My staff are great,” she proudly explains, “and there are rarely any problems. There’s always a supervisor who looks after the day-to-day running of things, together with three more floor staff. But what you can’t see is the kitchen staff; there can be ten of them keeping very busy behind the scenes! I’ll greet the guests and check the supplies of items that go quickly, like the coffee and breads and the butter, and then head off to the morning management briefing at 9:00 am.

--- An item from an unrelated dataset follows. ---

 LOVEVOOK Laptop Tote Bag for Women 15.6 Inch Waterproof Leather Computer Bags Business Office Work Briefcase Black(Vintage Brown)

This is usually quickly over and then Khun Kae continues with overseeing and helping with the tail-end of the breakfast before beginning the staff change-over for lunch. And then, at around about 10.30 am or so, seeks the refuge of her office to sort out the day’s paperwork. “Every day I have to make an analysis of what’s popular and what’s not, as we continually adjust the menu,” she explained. “Plus an overall monthly accounting. Then there’re new promotions to consider and stock levels to check. And then I check to see if all is well with the restaurant lunches before I head off to my own lunch-break around mid-day.


After lunch, she holds her own short staff briefing to pass on any information that’s current, then keeps an eye on the shift change at 2:00 pm, noting and compensating for any absences, before heading home for her afternoon break.

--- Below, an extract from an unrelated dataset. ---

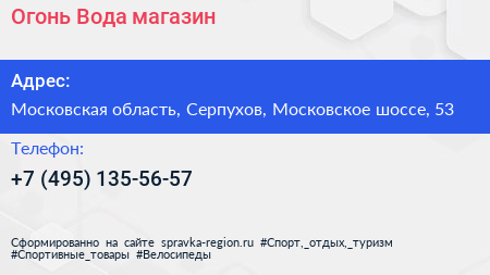 Огонь & Вода, магазин по адресу Московская область, Серпухов, Московское шоссе, 53 в дальнейшем Организация, размещена в следующих категориях:

And then it’s back at 6:00 pm for the long evening session, starting with checking through the reservations and allocating appropriate tables. In theory, her evening role is that of a hostess, greeting guests and advising them on menu or wine choices. “But it’s never that simple,” she laughed. “There’s always a need for an extra hand here or there, and so I help-out with preparing food or clearing the tables; just joining-in wherever necessary. I’m here until the end, at around 11:00 pm, and need to be the last one out, checking that everything’s turned off and secured. It’s sometimes hard work, but I’m really happy here.


It might take you a while to spot who she is; everyone’s cheerfully busy and there’s nobody standing around looking important. But, after a while, you notice that one of the staff is busier than the others and doing a little bit of everything. That’ll be Khun Kae. But don’t try this on a Sunday – that’s the day she gets to have a well-earned break!